I am looking into the collective wisdom of the FreeBSD forums for advice on keeping my current, primary drive cloned to a secondary drive.  My FreeBSD machine has become my primary work computer and I would like to keep a clone of my current file system.  I have installed a second drive and partitioned it to match my primary drive and have cloned the file systems.  I would like to keep secondary as current as possible.  I issued this for the initial cloning (obviously mounting the secondary partitions under /mnt/<mount point>):


```
#!/usr/local/bin/bash

dump -0 -a -L -f - / | ( cd /mnt/root ; restore ruvf - )
dump -0 -a -L -f - /var | ( cd /mnt/var ; restore ruvf - )
dump -0 -a -L -f - /tmp | ( cd /mnt/tmp ; restore ruvf - )
dump -0 -a -L -f - /usr | ( cd /mnt/usr ; restore ruvf - )
```

I am planning to do this on a regular basis


```
#!/usr/local/bin/bash

dump -1 -a -L -f - / | ( cd /mnt/root ; restore ruvf - )
dump -1 -a -L -f - /var | ( cd /mnt/var ; restore ruvf - )
dump -1 -a -L -f - /tmp | ( cd /mnt/tmp ; restore ruvf - )
dump -1 -a -L -f - /usr | ( cd /mnt/usr ; restore ruvf - )
```

Is this an ok approach?  Is there a better solution?

BTW, I am not interested in RAID.  I want to do the clone when I know that my current system is in good shape (such as prior to upgrading ports or other critical components).
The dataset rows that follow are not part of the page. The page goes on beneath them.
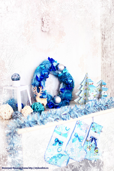 На камине - волшебный венок, украшенный бантами,бусинами и шарами.
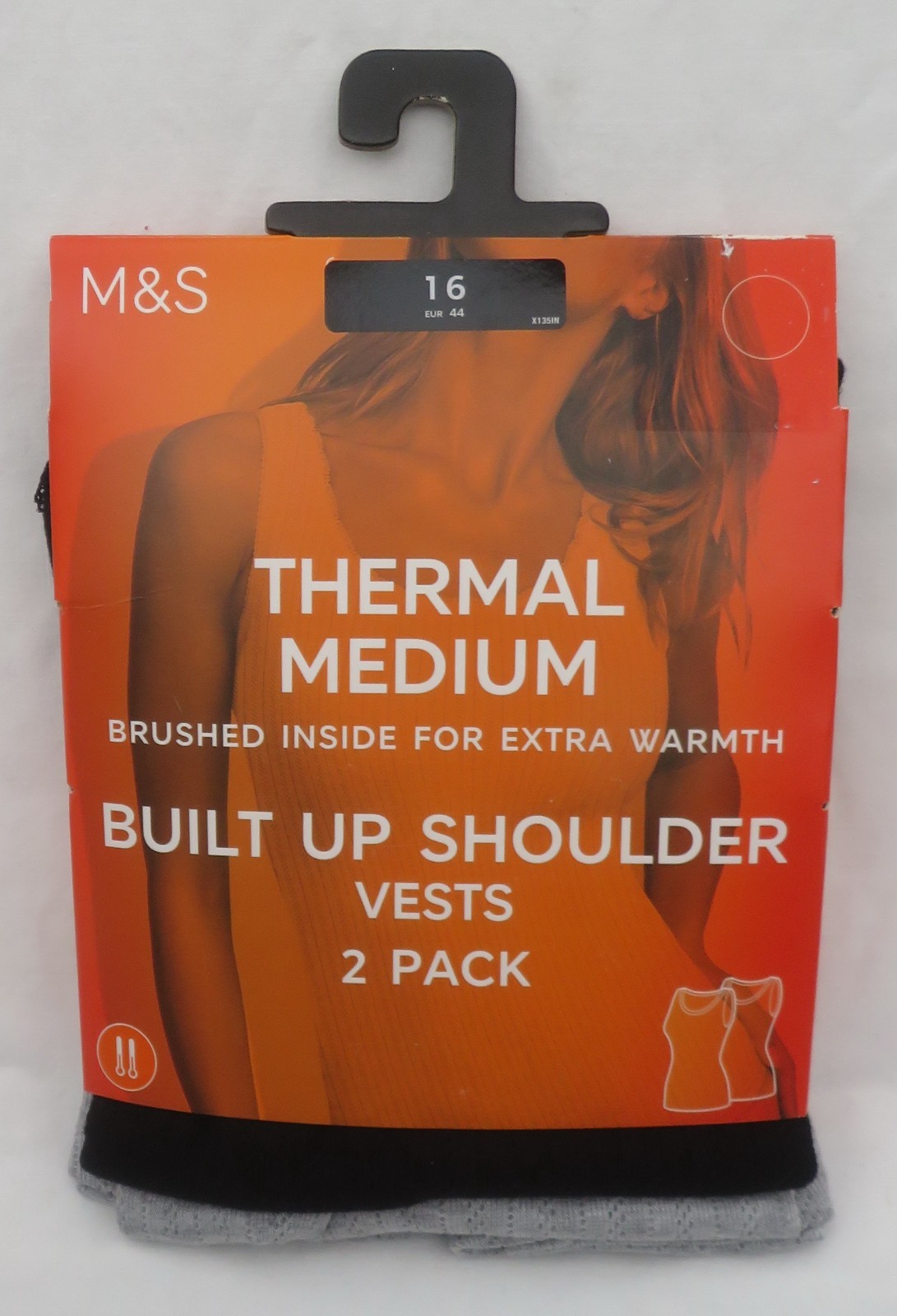 LADIES MARKS AND SPENCER BLACK & GREY THERMAL SLEEVELESS VESTS 2 PACK SIZE 16
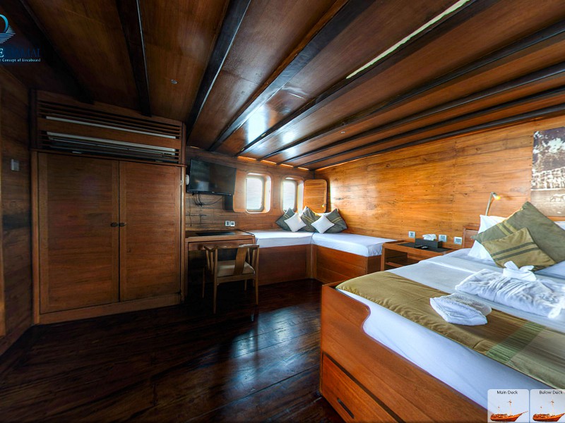 The below-deck accommodation has been designed to accommodate single or twin occupants in a level of luxury not seen on another vessel in Indonesia. Cabins 1 and 2 are 20sq. meters and are fitted with a double bed and a day bed; while Cabins 3 and 4 are also cited with a double bed and day bed, but have a bigger floor area of 25 sq. meters. Cabins 5 and 6 are the Master Cabins, with a massive 40sq. meters and contain a king-size bed and a narrow day bed. Cabin 7 is 18sq. meters and can contain a king double or twin beds. This cabin also has direct access to the sun decks. Each cabin also contains a desk, a flat-screen TV, and a complete en-suite bathroom. All cabins are also fully air conditioned.
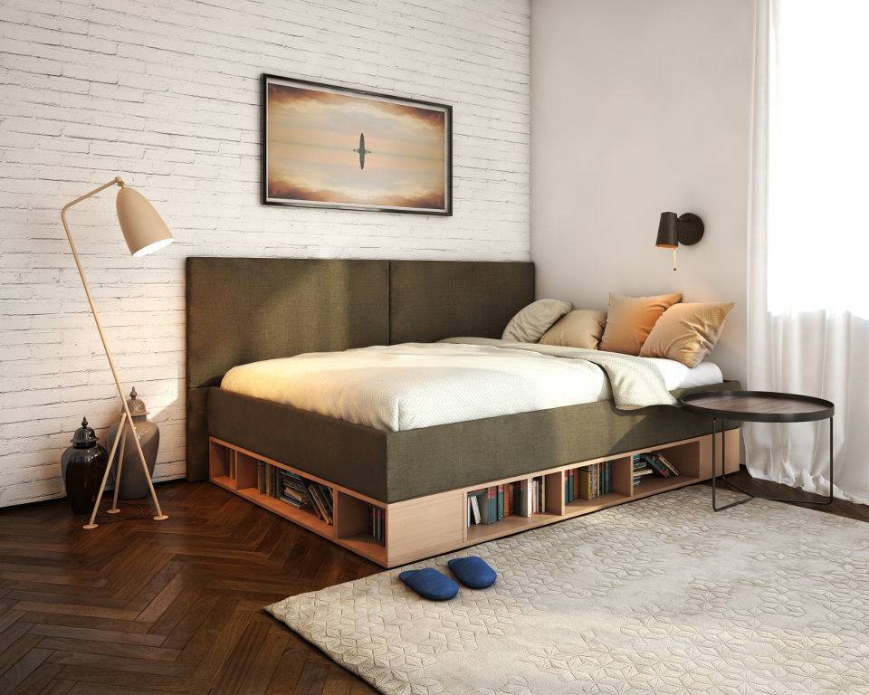 Кровать с наличием отсеков решает проблему хранения вещей. Каркас таких моделей выполняется из плотного дерева. Благодаря своим экологическим свойствам, белье, хранимое в секциях, не сыреет и не приобретает затхлый запах. Обивкой для мебели с подъемными устройствами служит плотный материал. От его качества зависит долговечность и внешний вид изделия.

I also only plan to mount the secondary drive when I plan to do the clone.  I don't plan to always have the secondary mounted.


----------



## jb_fvwm2 (Mar 12, 2012)

If you read the manpage for dump, it has a sequence (0 3 2 5 4 ...) I've never had to restore from it, but past about "5" I delete it all before starting anew (otherwise it would run out of space...); OTOH search the forums for --bwlimit; I'd suggest augmenting the dump with an 
	
	



```
/usr# rsync ... ... . /mnt/usr # note the dot denoting the current [FILE]/usr[/FILE] source 
...
(rsync with the bwlimit parameter so you can do other stuff in the meantime)
```
  as it can be easier to restore from for the occaisional lost file or directory.  (Others may post the various other ways...)
[In the example above, you'd probably want a different /mnt than that targeted by your dump files, since rsync would delete the latter probably if they were not present in the source directory]


----------



## wblock@ (Mar 12, 2012)

rsync(1) won't delete files on the target by default.  It might be faster than dump for this.


----------



## ddaley (Mar 12, 2012)

Thanks for the info.  I am going to look into using rsync.  I found this as an example on their site, so I figure this may be a good starting place.  It is almost exactly what I want to do (with the exception of my file systems being named differently).  I don't think I'll use the --delete at first though.


*backup to a spare disk*

_I do local backups on several of my machines using rsync. I have an
extra disk installed that can hold all the contents of the main
disk. I then have a nightly cron job that backs up the main disk to
the backup. This is the script I use on one of those machines._


```
#!/bin/sh

    export PATH=/usr/local/bin:/usr/bin:/bin

    LIST="rootfs usr data data2"

    for d in $LIST; do
	mount /backup/$d
	rsync -ax --exclude fstab --delete /$d/ /backup/$d/
	umount /backup/$d
    done
```


----------



## jb_fvwm2 (Mar 12, 2012)

I use the --bwlimit parameter to decrease rsync's speed; I can browse normally with the 10,000 > 2,000 to-disk crash-avoidance fix (PCI SATA controller would otherwise hang or corrupt the target filesystem... ) and sometimes also to-USB. (The long line, which includes another fix for another issue, I've posted in other threads (maybe several times) ).


----------



## ctengel (Mar 12, 2012)

jb_fvwm2 said:
			
		

> I use the --bwlimit parameter to decrease rsync's speed; I can browse normally with the 10,000 > 2,000 to-disk crash-avoidance fix (PCI SATA controller would otherwise hang or corrupt the target filesystem... ) and sometimes also to-USB. (The long line, which includes another fix for another issue, I've posted in other threads (maybe several times) ).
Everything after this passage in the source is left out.